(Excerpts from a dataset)
******

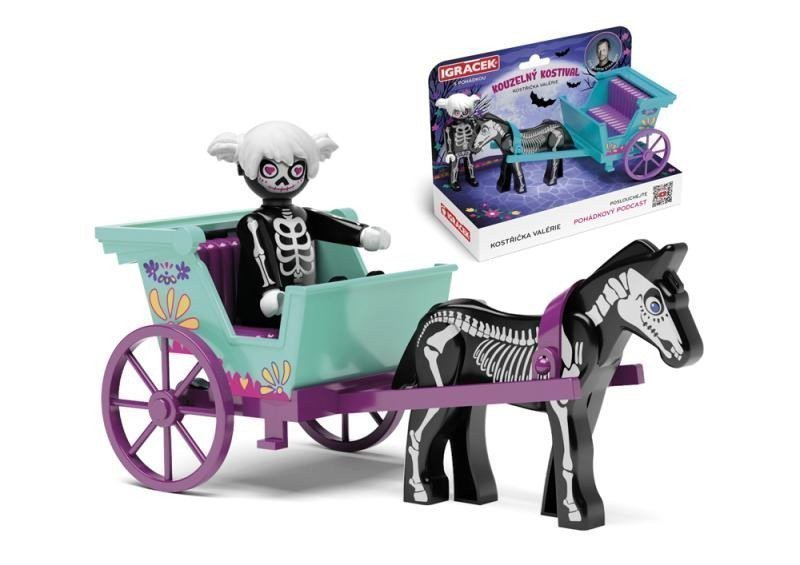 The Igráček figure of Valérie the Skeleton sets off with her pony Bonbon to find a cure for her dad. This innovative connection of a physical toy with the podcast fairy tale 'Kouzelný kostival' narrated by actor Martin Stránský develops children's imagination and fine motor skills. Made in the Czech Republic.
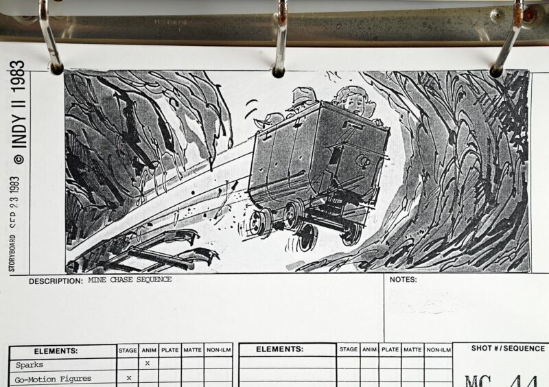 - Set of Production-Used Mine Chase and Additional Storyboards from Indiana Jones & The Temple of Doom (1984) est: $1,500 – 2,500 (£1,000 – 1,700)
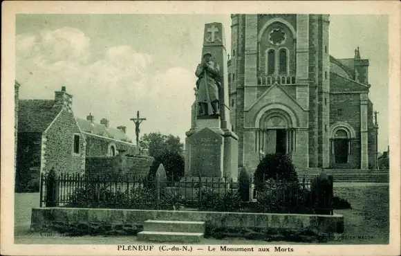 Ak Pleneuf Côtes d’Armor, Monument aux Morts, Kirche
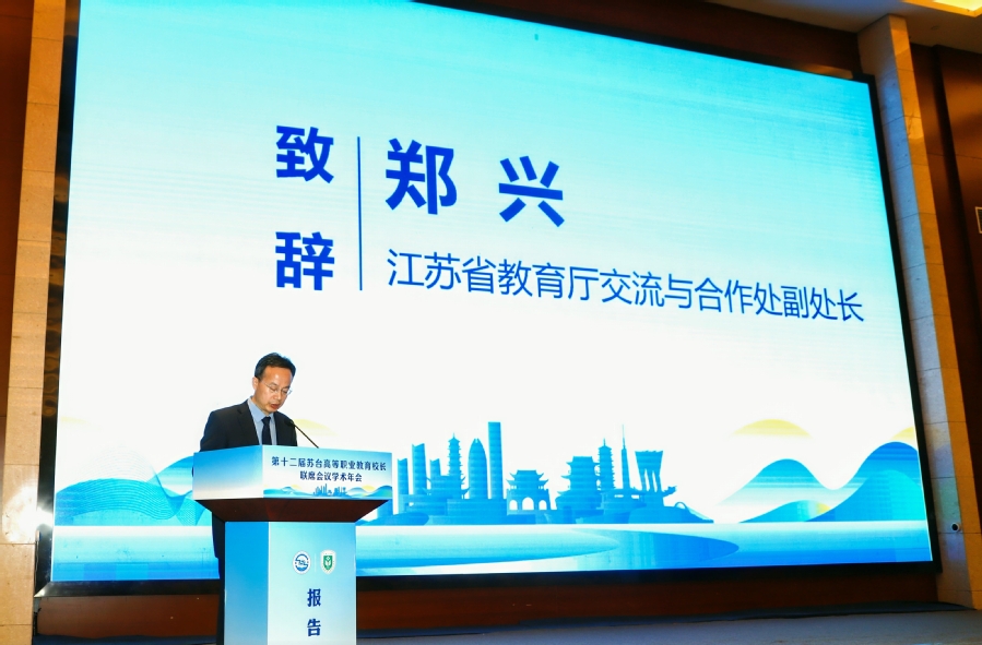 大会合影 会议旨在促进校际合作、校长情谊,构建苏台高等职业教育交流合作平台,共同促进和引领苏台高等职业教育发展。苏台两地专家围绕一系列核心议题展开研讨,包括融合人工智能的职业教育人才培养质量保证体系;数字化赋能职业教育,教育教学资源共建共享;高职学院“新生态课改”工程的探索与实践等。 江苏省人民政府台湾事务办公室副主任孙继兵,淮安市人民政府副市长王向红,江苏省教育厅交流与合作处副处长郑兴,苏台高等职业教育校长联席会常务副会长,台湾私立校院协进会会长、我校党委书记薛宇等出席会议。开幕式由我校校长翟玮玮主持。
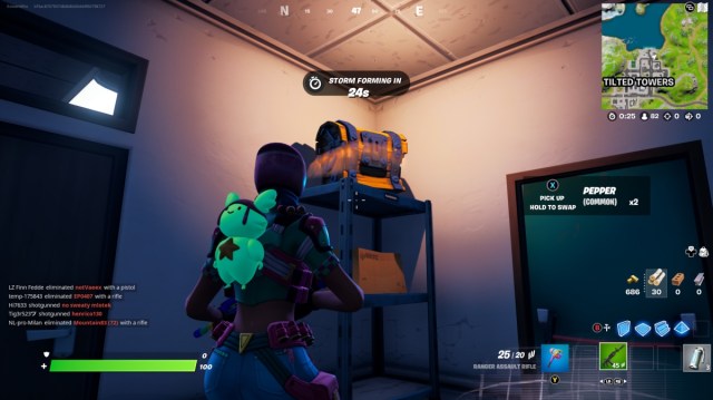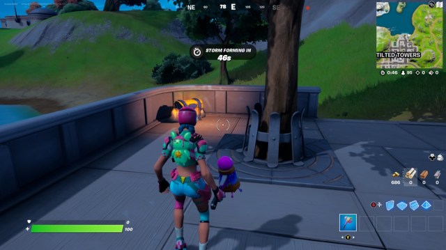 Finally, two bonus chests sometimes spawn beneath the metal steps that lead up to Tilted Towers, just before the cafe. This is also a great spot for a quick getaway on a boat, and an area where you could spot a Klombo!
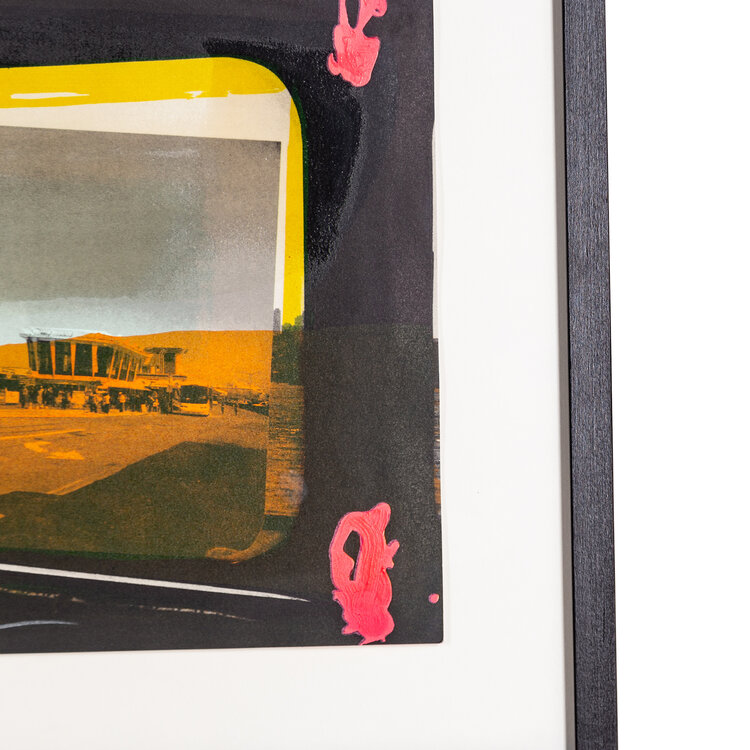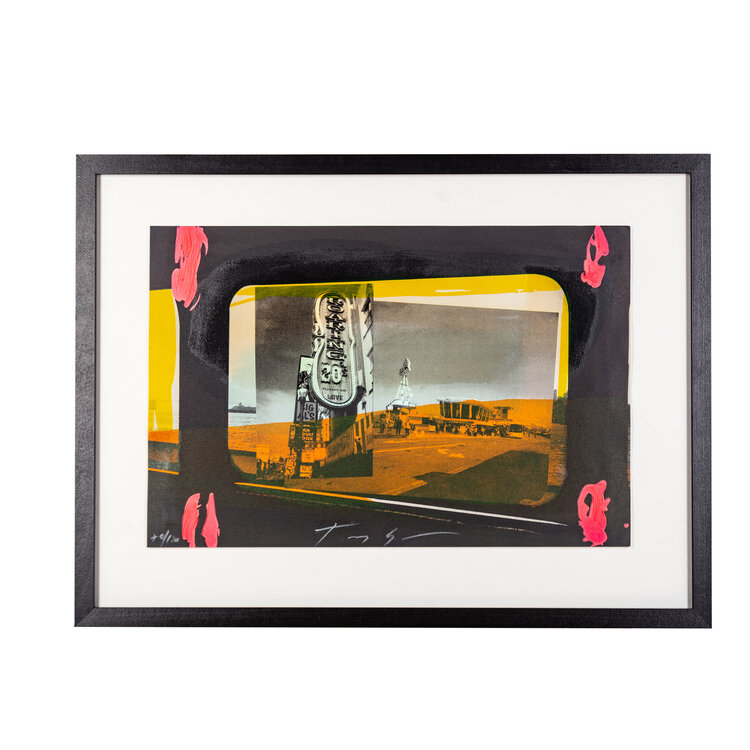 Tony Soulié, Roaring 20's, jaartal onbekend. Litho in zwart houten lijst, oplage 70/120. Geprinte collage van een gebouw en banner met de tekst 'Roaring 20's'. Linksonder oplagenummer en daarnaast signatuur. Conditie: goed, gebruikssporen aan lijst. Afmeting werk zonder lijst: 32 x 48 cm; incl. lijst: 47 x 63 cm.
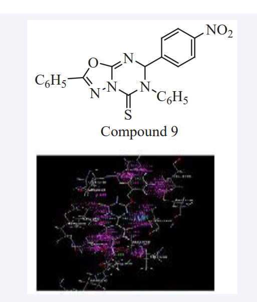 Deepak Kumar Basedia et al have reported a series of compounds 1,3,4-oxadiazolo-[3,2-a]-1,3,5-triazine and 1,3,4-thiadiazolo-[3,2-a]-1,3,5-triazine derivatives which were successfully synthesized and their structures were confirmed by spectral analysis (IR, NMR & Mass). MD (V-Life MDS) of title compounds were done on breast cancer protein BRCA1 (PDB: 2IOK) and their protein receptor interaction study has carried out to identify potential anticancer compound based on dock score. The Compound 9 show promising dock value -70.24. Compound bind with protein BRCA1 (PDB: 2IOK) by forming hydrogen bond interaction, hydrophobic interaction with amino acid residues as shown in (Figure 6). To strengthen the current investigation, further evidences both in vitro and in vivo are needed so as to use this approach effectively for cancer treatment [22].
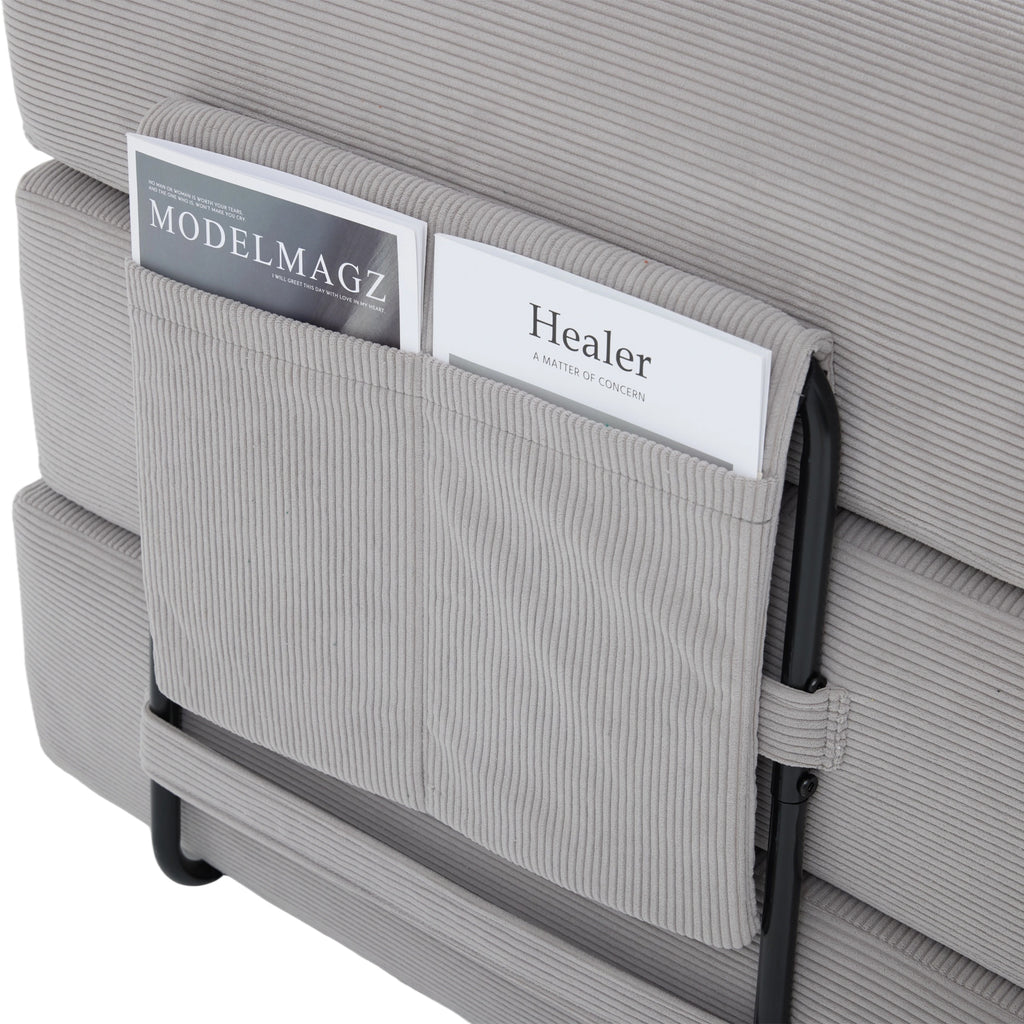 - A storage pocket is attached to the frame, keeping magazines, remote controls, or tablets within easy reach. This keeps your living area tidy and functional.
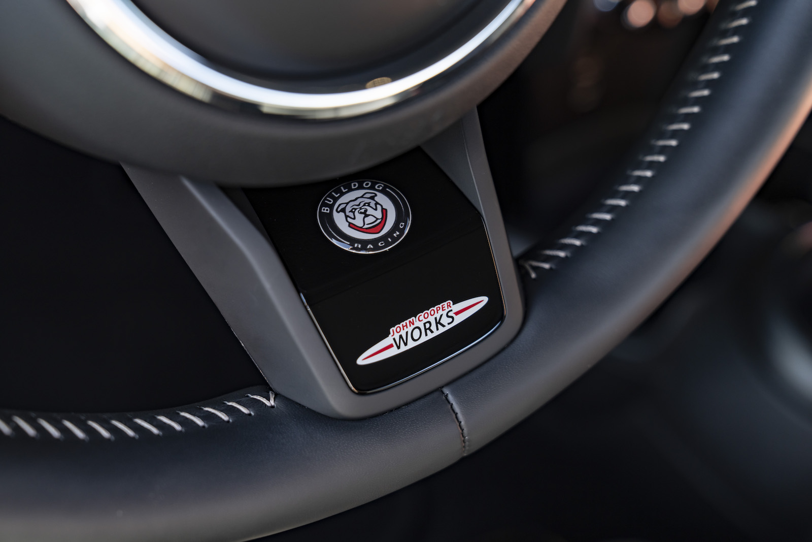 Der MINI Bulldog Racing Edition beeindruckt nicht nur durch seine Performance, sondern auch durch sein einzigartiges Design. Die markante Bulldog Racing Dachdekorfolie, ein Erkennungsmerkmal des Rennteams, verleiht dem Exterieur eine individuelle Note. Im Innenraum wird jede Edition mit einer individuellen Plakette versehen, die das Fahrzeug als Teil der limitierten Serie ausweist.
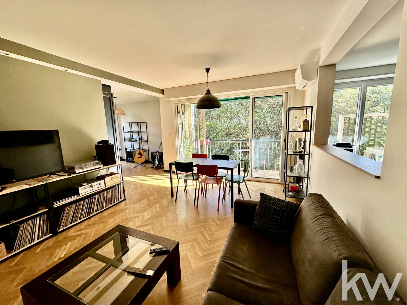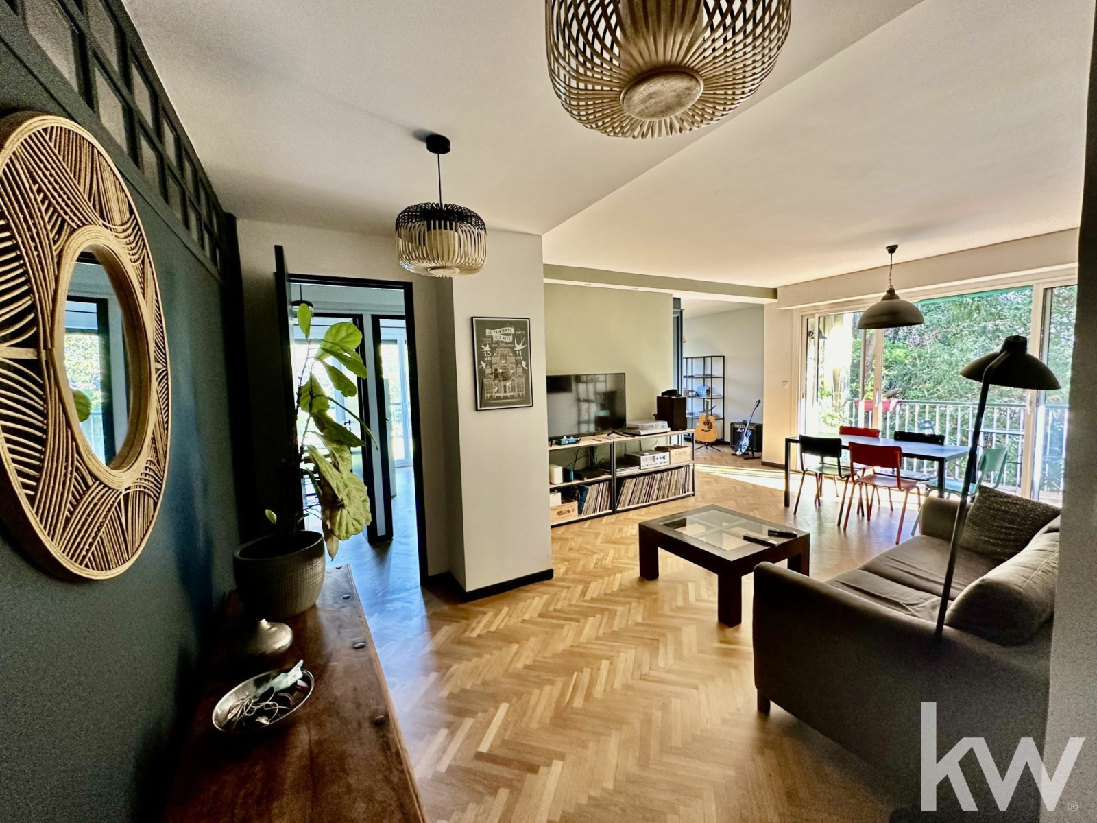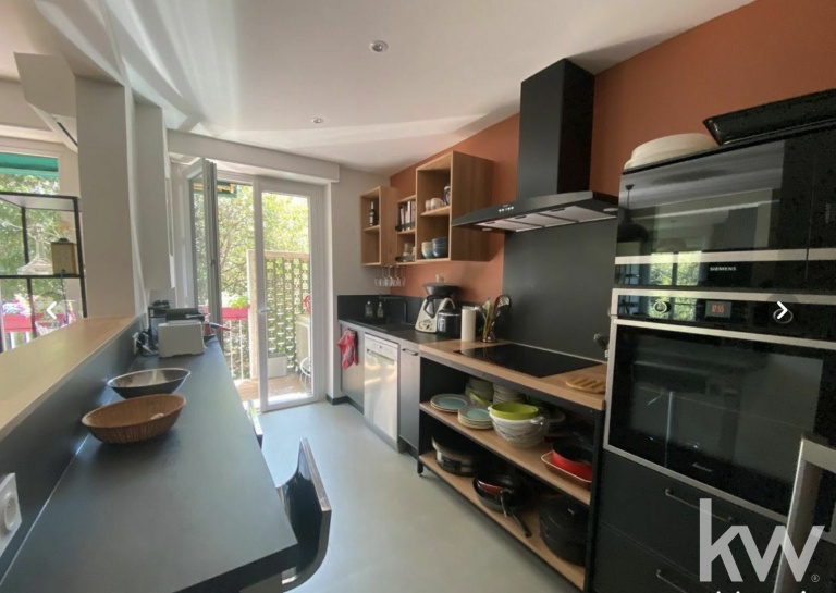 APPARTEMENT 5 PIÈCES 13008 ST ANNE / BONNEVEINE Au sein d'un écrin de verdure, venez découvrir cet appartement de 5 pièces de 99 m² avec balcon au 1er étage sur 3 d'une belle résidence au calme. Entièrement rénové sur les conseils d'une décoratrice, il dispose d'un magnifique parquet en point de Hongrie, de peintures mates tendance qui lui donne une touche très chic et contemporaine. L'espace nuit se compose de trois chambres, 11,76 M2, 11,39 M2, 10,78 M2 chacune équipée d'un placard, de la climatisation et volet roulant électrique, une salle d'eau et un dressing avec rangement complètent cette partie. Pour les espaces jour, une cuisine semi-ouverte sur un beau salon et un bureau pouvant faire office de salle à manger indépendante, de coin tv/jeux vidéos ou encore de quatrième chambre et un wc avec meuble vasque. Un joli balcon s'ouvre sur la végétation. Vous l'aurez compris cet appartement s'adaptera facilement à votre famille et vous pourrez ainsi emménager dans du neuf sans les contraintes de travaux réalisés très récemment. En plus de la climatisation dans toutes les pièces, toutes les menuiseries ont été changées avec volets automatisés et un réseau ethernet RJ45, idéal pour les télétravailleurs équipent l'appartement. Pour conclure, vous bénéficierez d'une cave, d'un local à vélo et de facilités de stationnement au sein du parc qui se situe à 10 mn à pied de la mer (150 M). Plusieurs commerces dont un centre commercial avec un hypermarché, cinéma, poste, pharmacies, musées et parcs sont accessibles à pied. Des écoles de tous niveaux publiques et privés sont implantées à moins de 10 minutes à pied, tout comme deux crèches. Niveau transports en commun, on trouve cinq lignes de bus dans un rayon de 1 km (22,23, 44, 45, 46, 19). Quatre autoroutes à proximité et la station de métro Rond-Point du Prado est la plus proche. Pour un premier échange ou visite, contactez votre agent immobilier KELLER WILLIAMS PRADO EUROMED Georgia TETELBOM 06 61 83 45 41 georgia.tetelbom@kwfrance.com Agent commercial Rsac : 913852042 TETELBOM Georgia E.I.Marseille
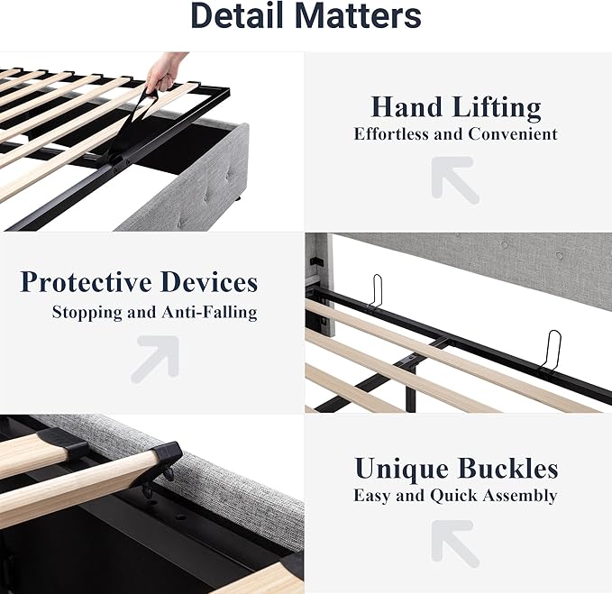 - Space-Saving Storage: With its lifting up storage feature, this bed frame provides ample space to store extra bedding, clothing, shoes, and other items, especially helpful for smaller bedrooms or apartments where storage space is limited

******

_Work instruction_.
Reproduce only the lines of the records from the start up to and including the line that holds "Finally, two bonus"; do not carry over any picture.

_Result_.
 The Igráček figure of Valérie the Skeleton sets off with her pony Bonbon to find a cure for her dad. This innovative connection of a physical toy with the podcast fairy tale 'Kouzelný kostival' narrated by actor Martin Stránský develops children's imagination and fine motor skills. Made in the Czech Republic.
 - Set of Production-Used Mine Chase and Additional Storyboards from Indiana Jones & The Temple of Doom (1984) est: $1,500 – 2,500 (£1,000 – 1,700)
 Ak Pleneuf Côtes d’Armor, Monument aux Morts, Kirche
 大会合影 会议旨在促进校际合作、校长情谊,构建苏台高等职业教育交流合作平台,共同促进和引领苏台高等职业教育发展。苏台两地专家围绕一系列核心议题展开研讨,包括融合人工智能的职业教育人才培养质量保证体系;数字化赋能职业教育,教育教学资源共建共享;高职学院“新生态课改”工程的探索与实践等。 江苏省人民政府台湾事务办公室副主任孙继兵,淮安市人民政府副市长王向红,江苏省教育厅交流与合作处副处长郑兴,苏台高等职业教育校长联席会常务副会长,台湾私立校院协进会会长、我校党委书记薛宇等出席会议。开幕式由我校校长翟玮玮主持。
 Finally, two bonus chests sometimes spawn beneath the metal steps that lead up to Tilted Towers, just before the cafe. This is also a great spot for a quick getaway on a boat, and an area where you could spot a Klombo!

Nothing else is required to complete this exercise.